Task directions:
Copy exactly, and only, the lines from the one with "Der Aufstieg auf" to the end of the listing; omit pictures.

Recorded data section start

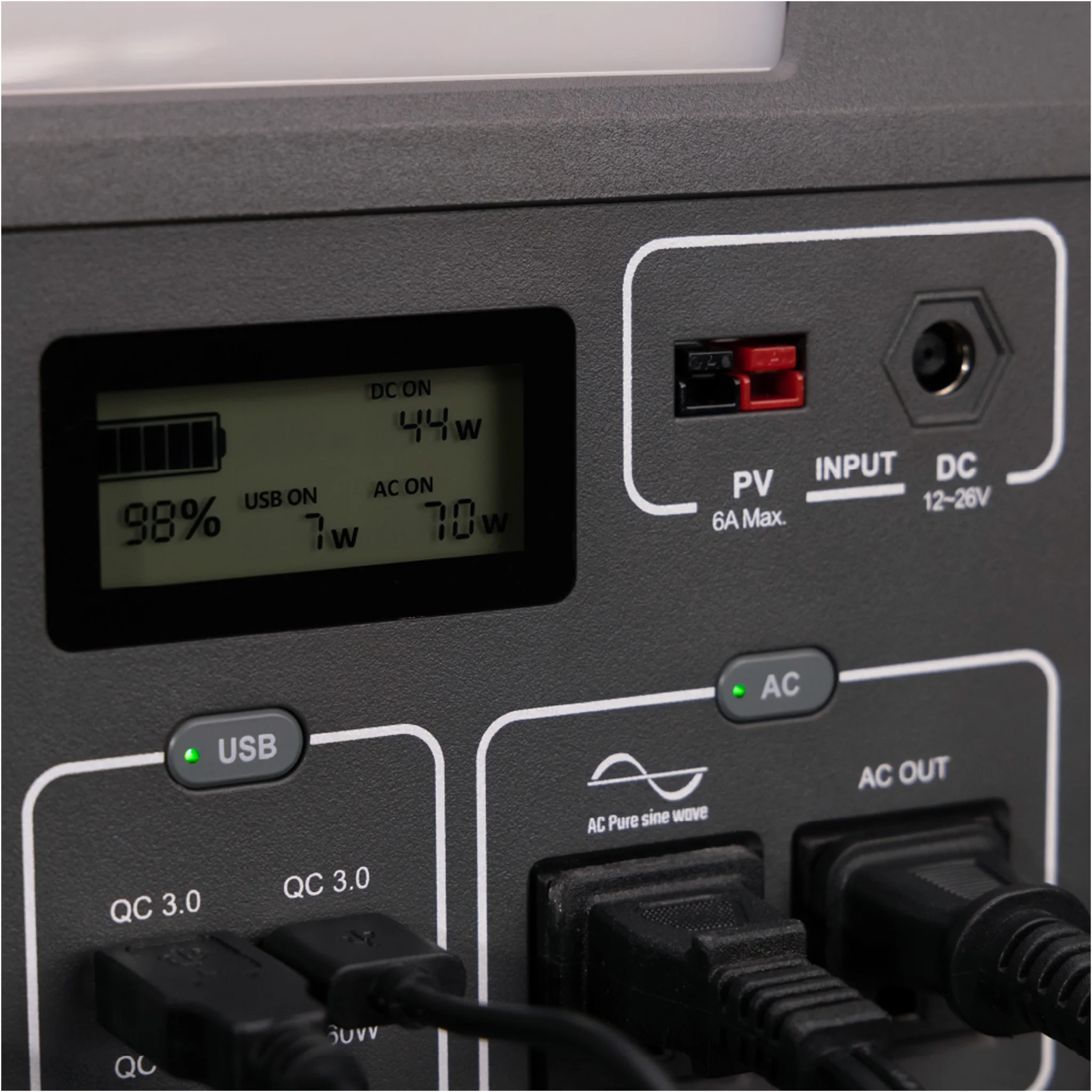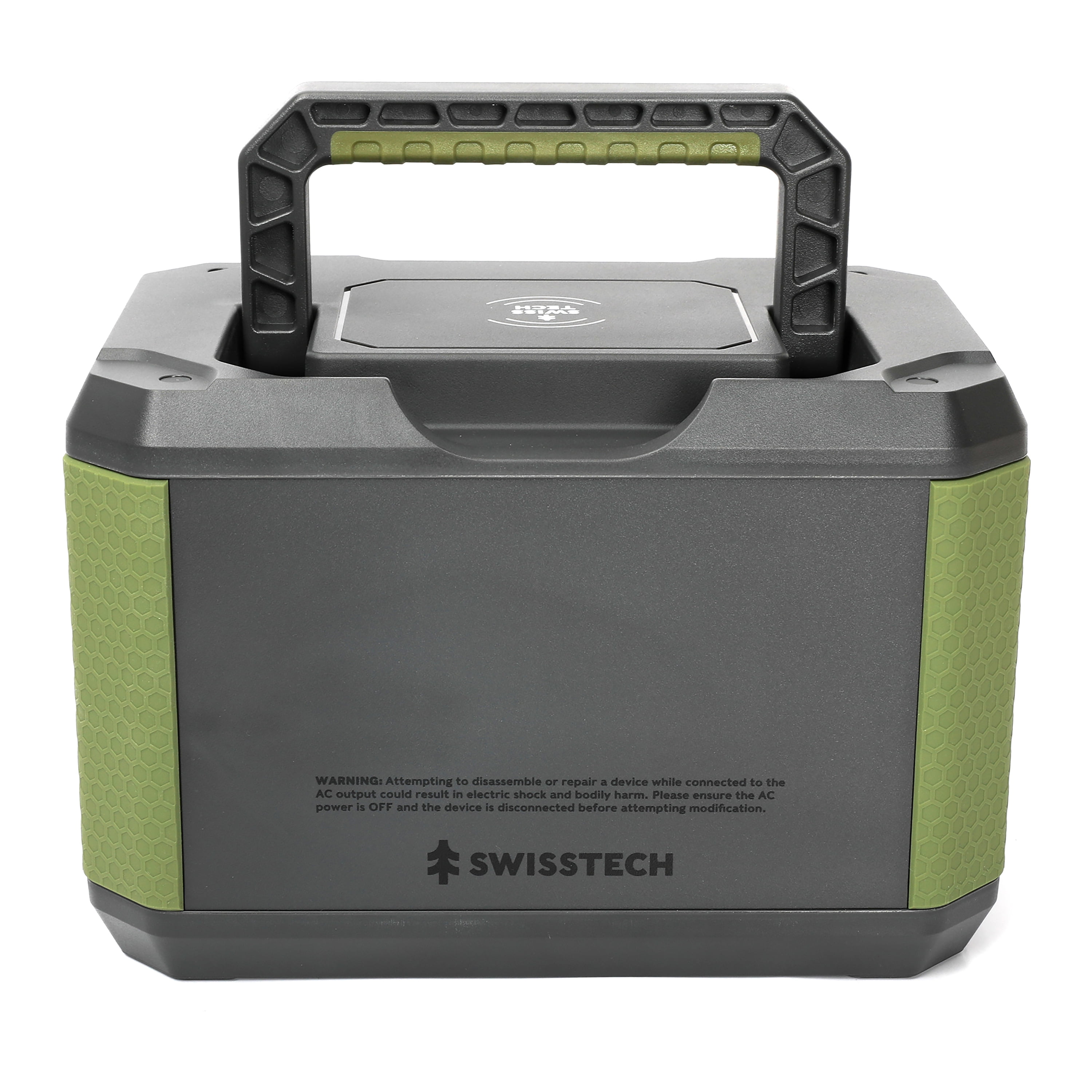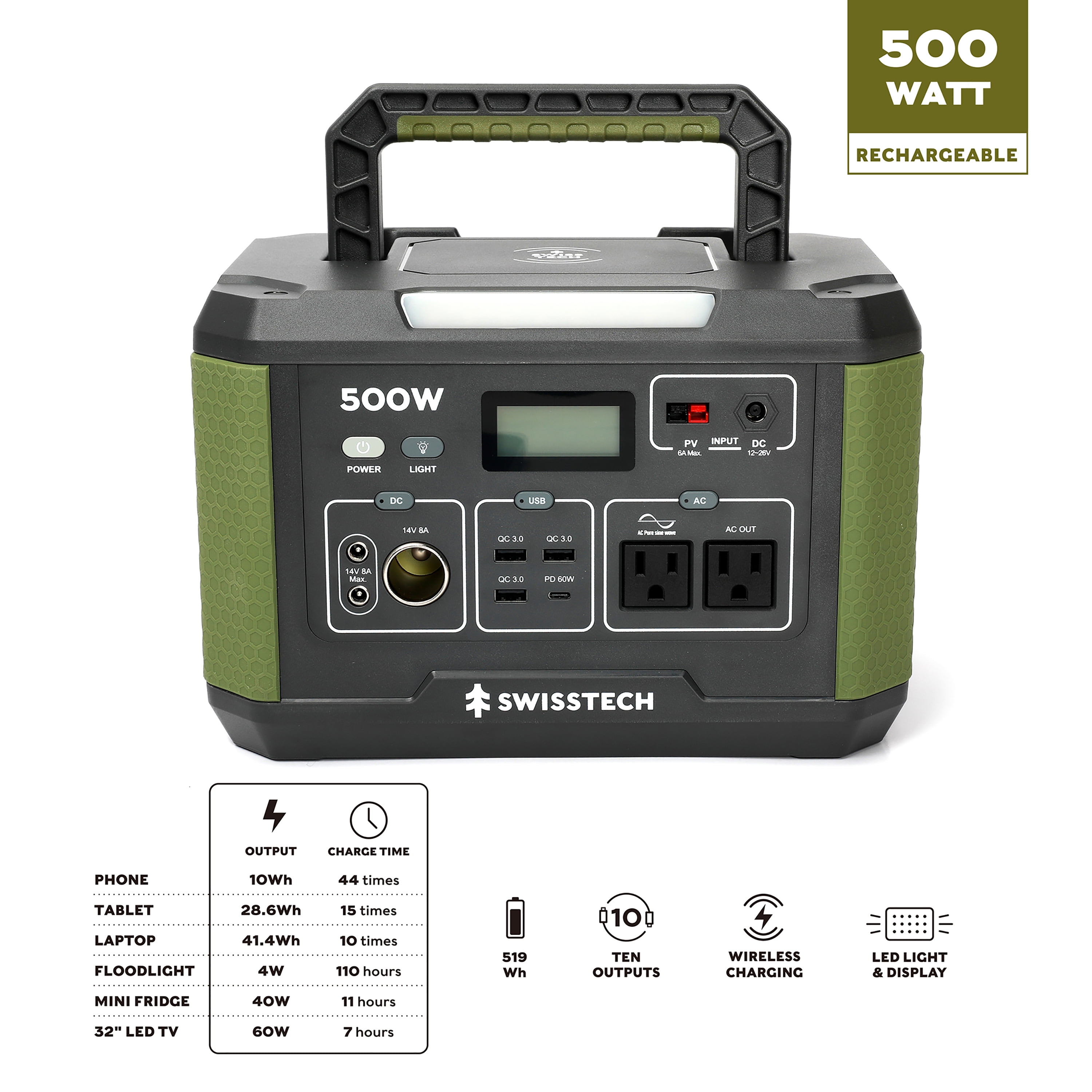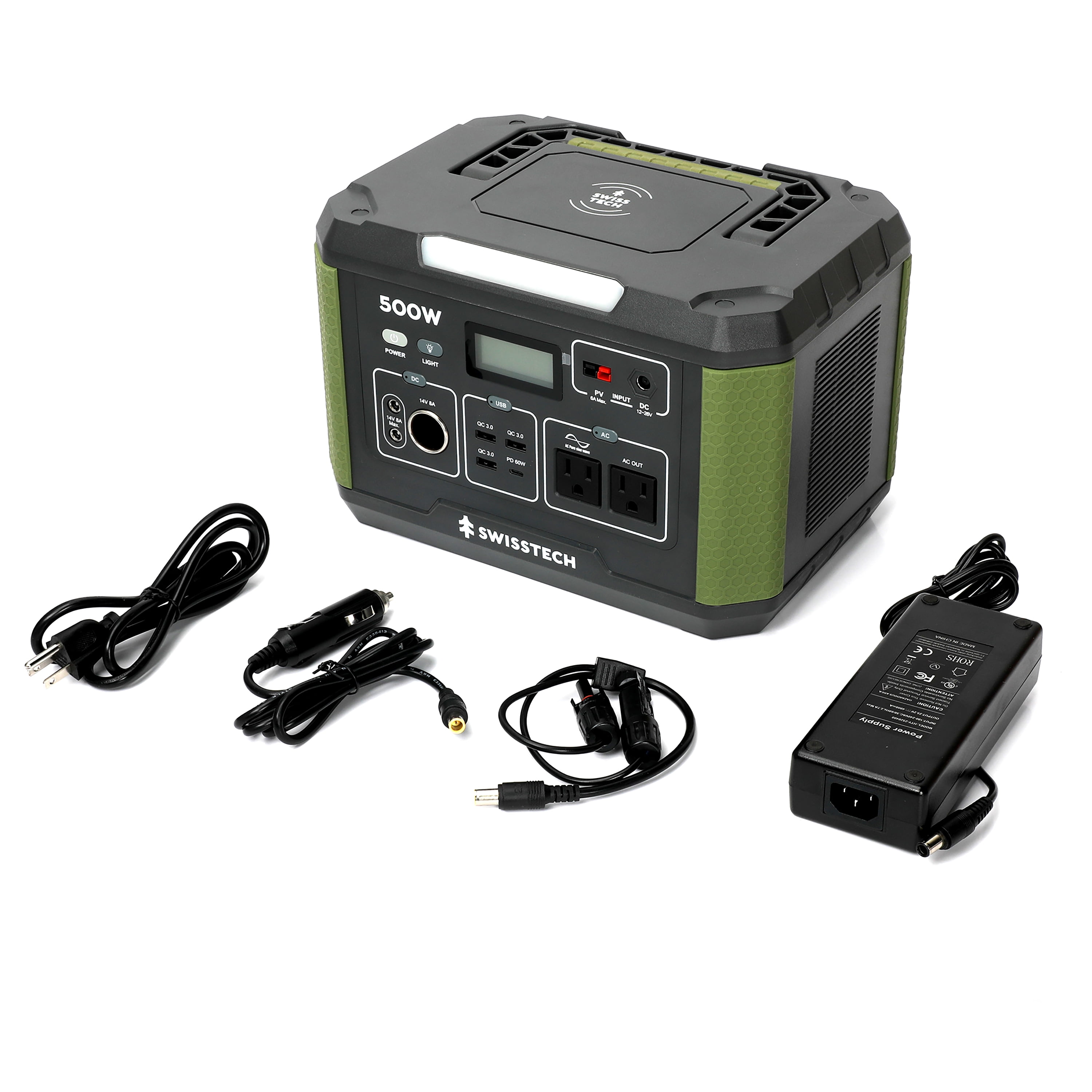 Swiss Tech 500W Power Station, 519.4Wh Capacity, Solar Compatible, Portable Battery, Outdoor and Emergency Use, Green LED light on body LED display indicates actual capacity and working port Converts easily to solar generator with Swiss Tech Solar Panel Capacity: 519.4Wh Battery, 18650 Lithium-Ion Weight: 15 lbs Charging Method: DC, 12V, or Solar Package Dimensions: 11.5 x 8.0 x 7.6 inches DC Input: 12-26V Car Port: 14V⎓8A 100W Adaptor with other necessary cables included 1 x Wireless output: 10W 2 x DC output: 14V/8A 1 x DC55*2.1 Cigarette lighter output: 14V/8A 3 x USB-A: Quick Charge 3.0/ 18W 1 x USB-C Output: PD 60W max 2 x AC output: (2 prongs & 3 prongs)
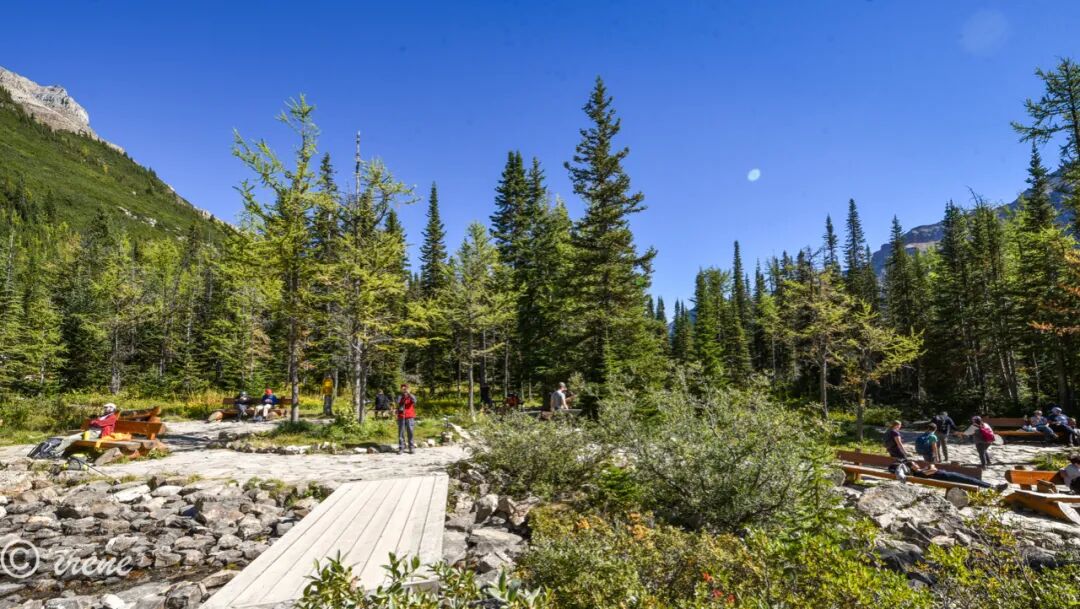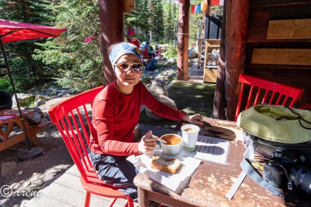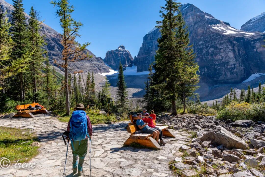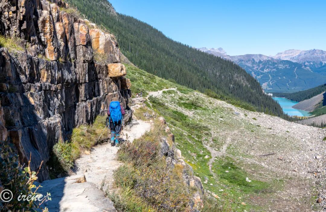 这条步道连接两个著名的高山茶馆“六冰川平坝茶馆”(PLAIN OF SIX GLACIERS TEA HOUSE)和艾格尼丝湖茶馆(LAKE AGNES TEA HOUSE),计划是爬上第一个茶馆吃午餐,再走到第二个茶馆晚餐,午餐倒是吃上了,可惜晚餐我们到的时候人家已经停止营业了。不过这一路的逍遥和美景已经赚翻了。这条线路是典型的欧式爬山,一路有山屋提供补给,道路也维护得很好,比较舒适休闲,老少皆宜啊。
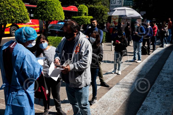 Larga fila en el quiosco de pruebas covid-19 en Miguel Hidalgo.
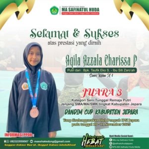 3. Aqila Azzala Charissa Putri (Kelas X-1) putri dari Bpk Taufik Eko Supriyanto – Ibu Siti Zaro’ah berhasil meraih Juara 3 (Medali Perunggu) kategori Seni Tunggal Remaja Putri
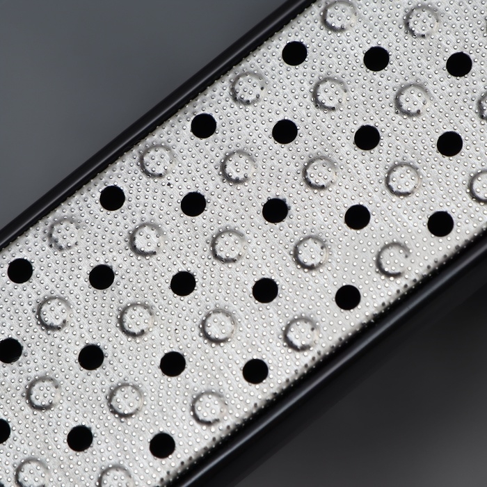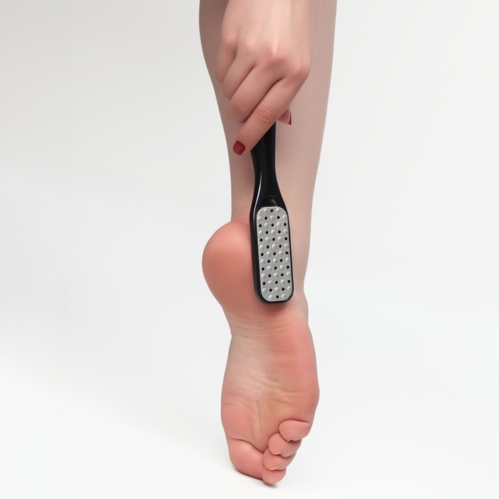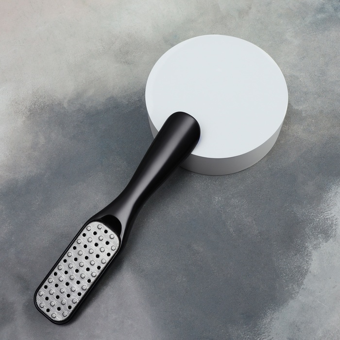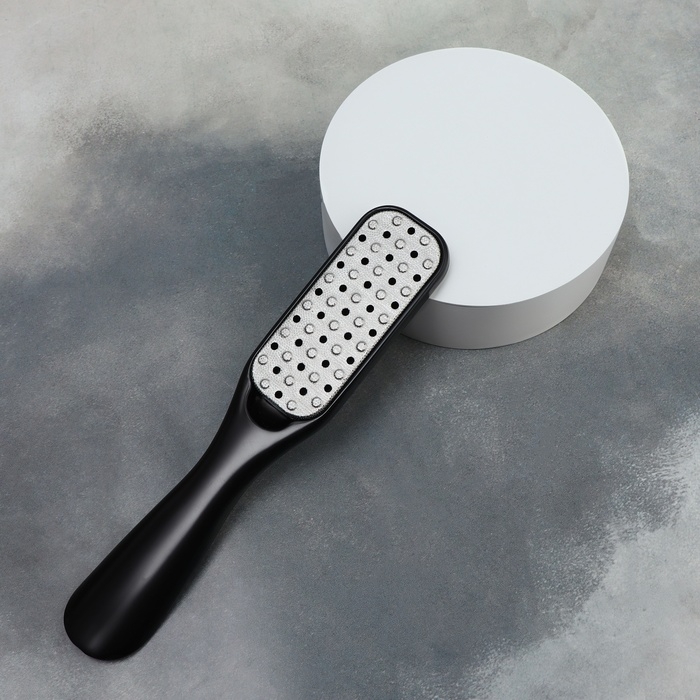 За счёт дизайна, тёркой могут пользоваться не только женщины, но и мужчины. На металлической поверхности с помощью лазера сделаны микрозубчики, которые за 10 пропилов снимут 1 мм огрубевшей кожи. Другая сторона тёрки отполирует уже подготовленный участок до идеального состояния. Проводить такую процедуру можно как на распаренной коже ног, так и на сухой. Комфортную эксплуатацию педикюрного инструмента обеспечит длинная ручка. Между подходами нужно промывать рабочую область в тёплой воде.
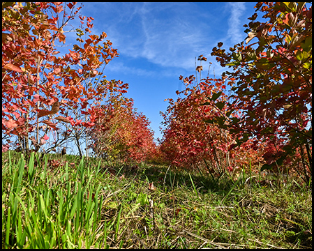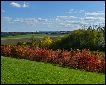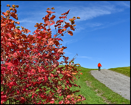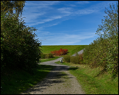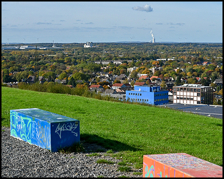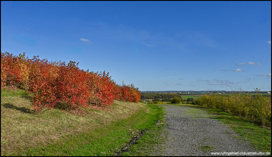 Der Aufstieg auf die Halde lohnt zu jeder Jahreszeit, wenn man eine halbwegs gute Sicht hat. Besonders schön ist es aber im Herbst. Dann färben sich die Bäume, so weit das Auge reicht, in bunten Farben. Es ist quasi ein „Westfalian Summer“. Büsche knapp unterhalb des Gipfelplateaus sind feuerrot, tragen rote Beeren und harmonieren perfekt zu einem strahlend blauen Herbsthimmel.
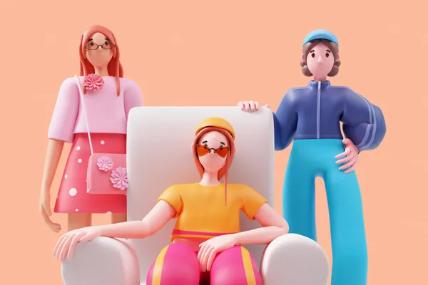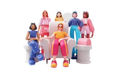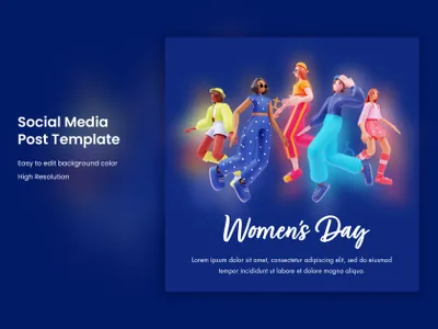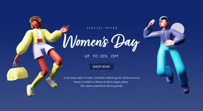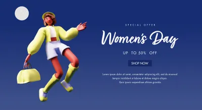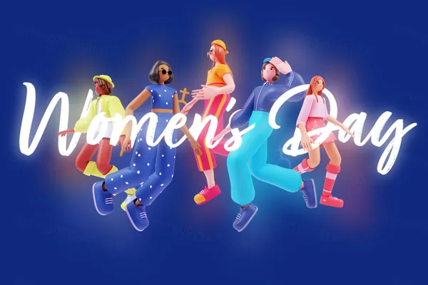 图穷联素材库 » 高质量三八妇女节女神节三维渲染3D卡通女孩女性青年插图海报PSD模板素材合辑

Recorded data section end

Exercise answer:
 Der Aufstieg auf die Halde lohnt zu jeder Jahreszeit, wenn man eine halbwegs gute Sicht hat. Besonders schön ist es aber im Herbst. Dann färben sich die Bäume, so weit das Auge reicht, in bunten Farben. Es ist quasi ein „Westfalian Summer“. Büsche knapp unterhalb des Gipfelplateaus sind feuerrot, tragen rote Beeren und harmonieren perfekt zu einem strahlend blauen Herbsthimmel.
 图穷联素材库 » 高质量三八妇女节女神节三维渲染3D卡通女孩女性青年插图海报PSD模板素材合辑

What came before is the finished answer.